Adjunct Professor Ian Maddieson, Department of Linguistics, has been named a Fellow of the American Association for the Advancement of Science (AAAS). Election as an AAAS Fellow is an honor bestowned upon members by their peers.

This year, 388 members, including Maddieson, will be among those honored on Saturday, Feb. 15 at the AAAS Fellows Forum during the AAAS annual meeting in Chicago. Each is honored by AAAS because of their scientifically or socially distinguished efforts to advance science or its applications. The AAAS Fellows will be formally announced in the AAAS News & Notes section of the journal Science on November 29.

Maddieson, who attained professor emeritus status from the University of California, Berkeley, before coming to UNM, was honored for distinguished contributions to linguistic science and field research in phonetics, leading to discoveries of phonetic universals, linguistic typology and the complexity of human language.  

Maddieson earned a Ph.D. in linguistics/phonetics, from the University of California, Los Angeles, in 1977. He took his first degree in English at Oxford University before studying Linguistics at the School of Oriental and African Studies at London University. After teaching for four years in Nigeria, he came to the U.S. to complete his Ph. D. He held a research appointment at UCLA for 22 years before moving to Berkeley.

His main interests are in phonetic and phonological universals and he has collected data on many languages in the field to enrich the empirical database on which these are founded.
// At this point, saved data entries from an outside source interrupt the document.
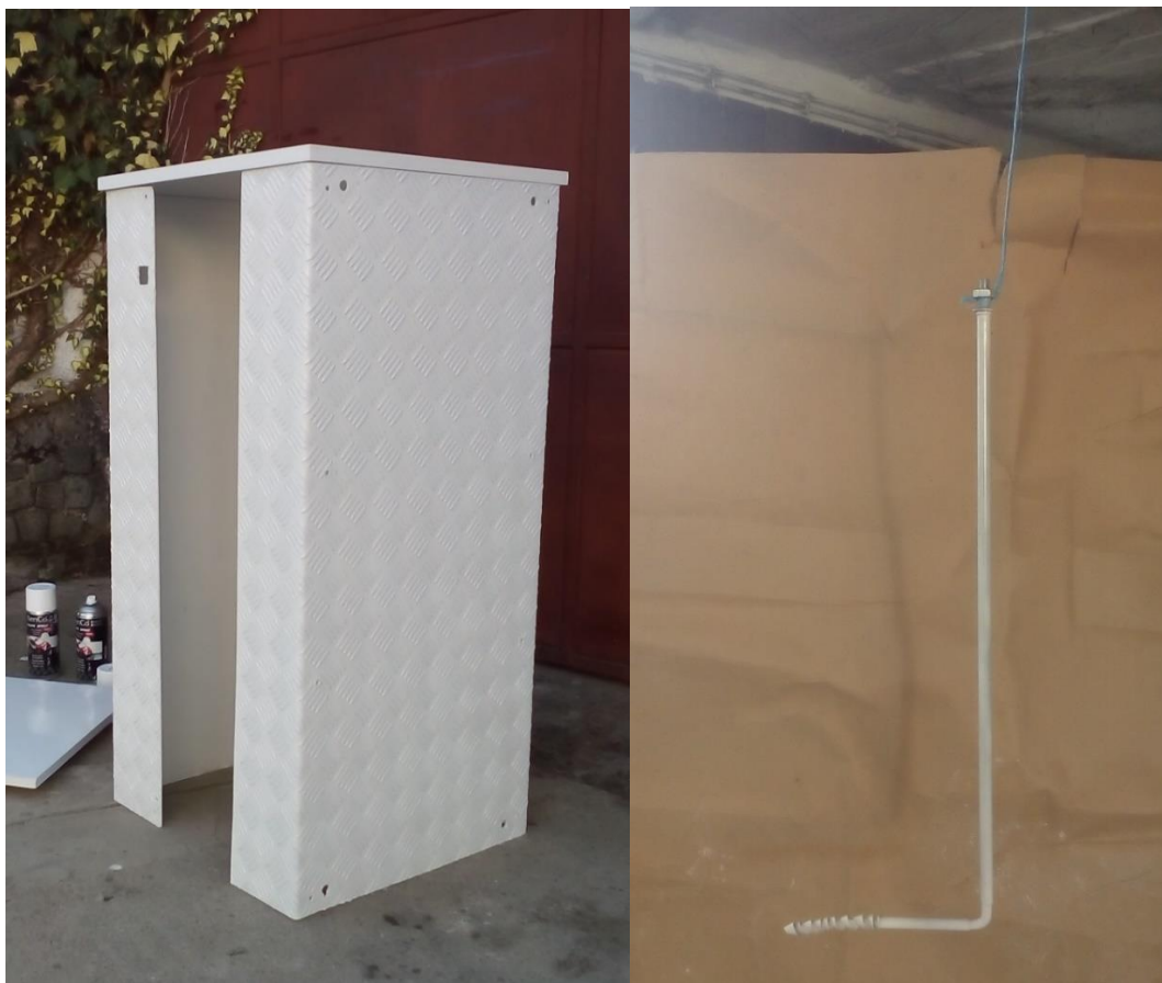
18. Bojanje postolja i "svrdla" (elementa koji ide na postolje) u bijelu boju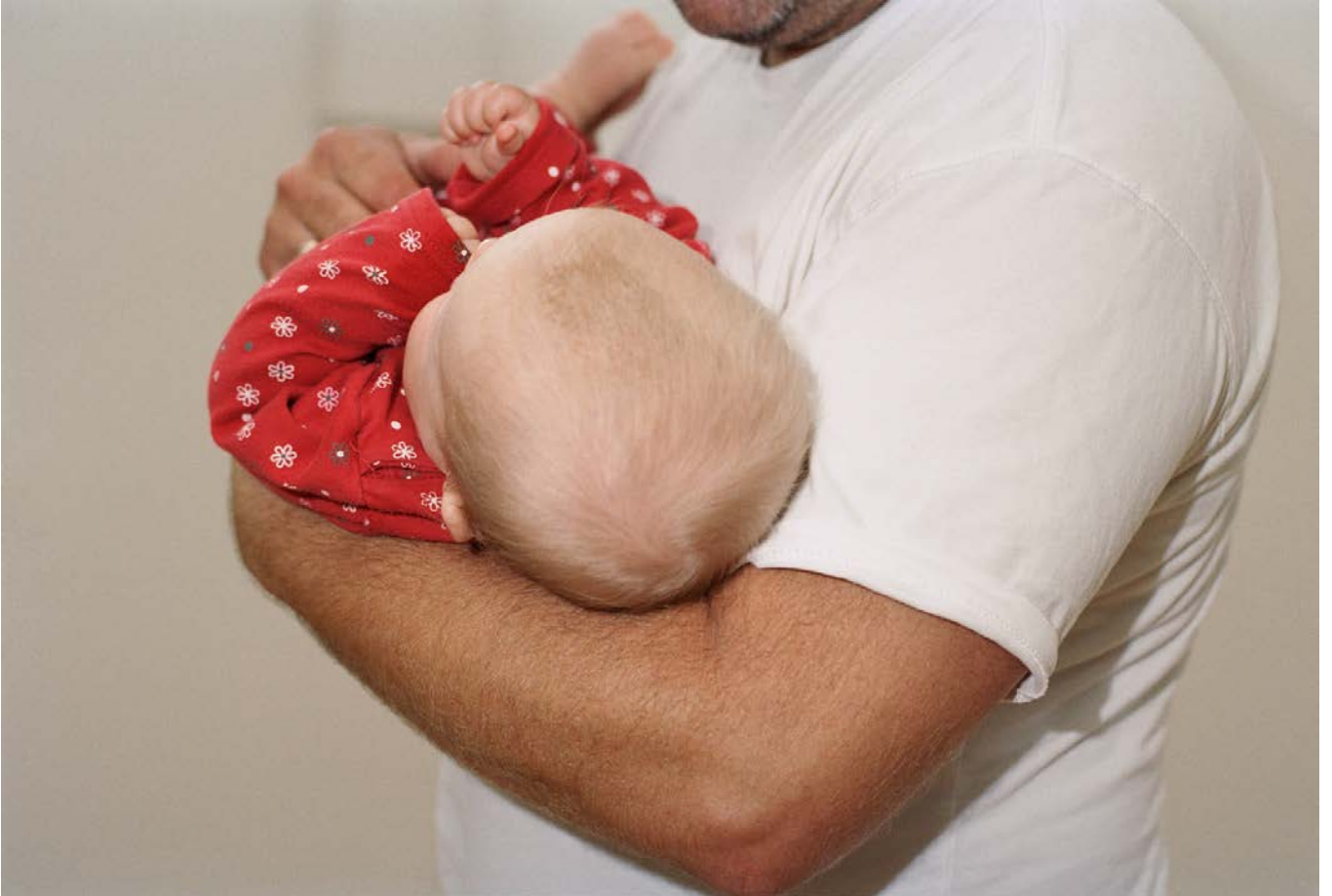
FATHERS 2014, Tintenstrahl Druck 35x50,4 cm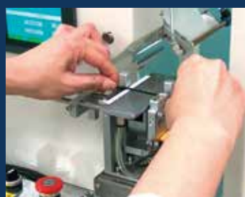
2. ケーブルを押し込む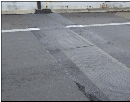
橋梁伸縮部損傷写真

そのため、お客さまへ極力ご迷惑をおかけしないよう、交通量が少ない平日の夜間にランプの閉鎖を行い、工事を集中的かつ効率的に実施します。安全・快適に高速道路をご利用いただくために必要な工事ですので、ご理解とご協力をお願いします。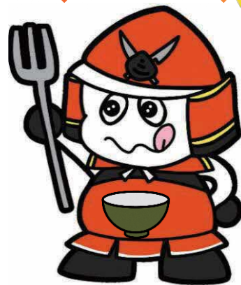
出されたものは残さず食べきる 武者ムシャ君

裏面の「まつえだんだん食べきり運動協力店」登録申請書を記入し、郵送、FAX、Eメール又は持参のいずれかの方法で下記申込先までお送りください。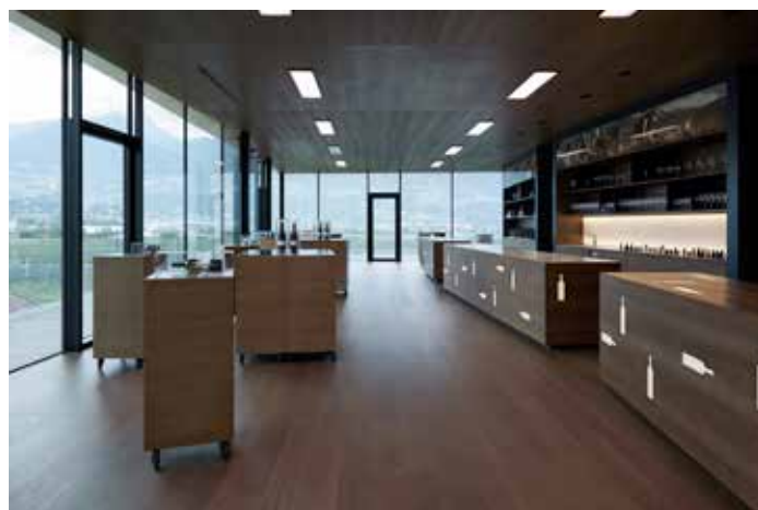
Cantina Merano Burggräfler a Marlengo (Merano, BZ).

La scorsa estate abbiamo terminato la cantina Merano. Al momento non abbiamo più incarichi in questo ambito, ma si spera di averne nuovamente in futuro.

Areas of particular interest are the languages of Africa and the Pacific region, including the Pacific Northwest. His major publications include Patterns of Sounds (1984) and The Sounds of the World's Languages (1996), co-authored with Peter Ladefoged.

This year’s AAAS Fellows will be formally announced in the AAAS News & Notes section of the journal Science on Nov. 29, 2013.

The tradition of AAAS Fellows began in 1874. Currently, members can be considered for the rank of Fellow if nominated by the steering groups of the Association’s 24 sections, or by any three Fellows who are current AAAS members (so long as two of the three sponsors are not affiliated with the nominee’s institution), or by the AAAS chief executive officer. Fellows must have been continuous members of AAAS for four years by the end of the calendar year in which they are elected.

Each steering group reviews the nominations of individuals within its respective section and a final list is forwarded to the AAAS Council, which votes on the aggregate list.

The Council is the policymaking body of the Association, chaired by the AAAS president, and consisting of the members of the board of directors, the retiring section chairs, delegates from each electorate and each regional division, and two delegates from the National Association of Academies of Science.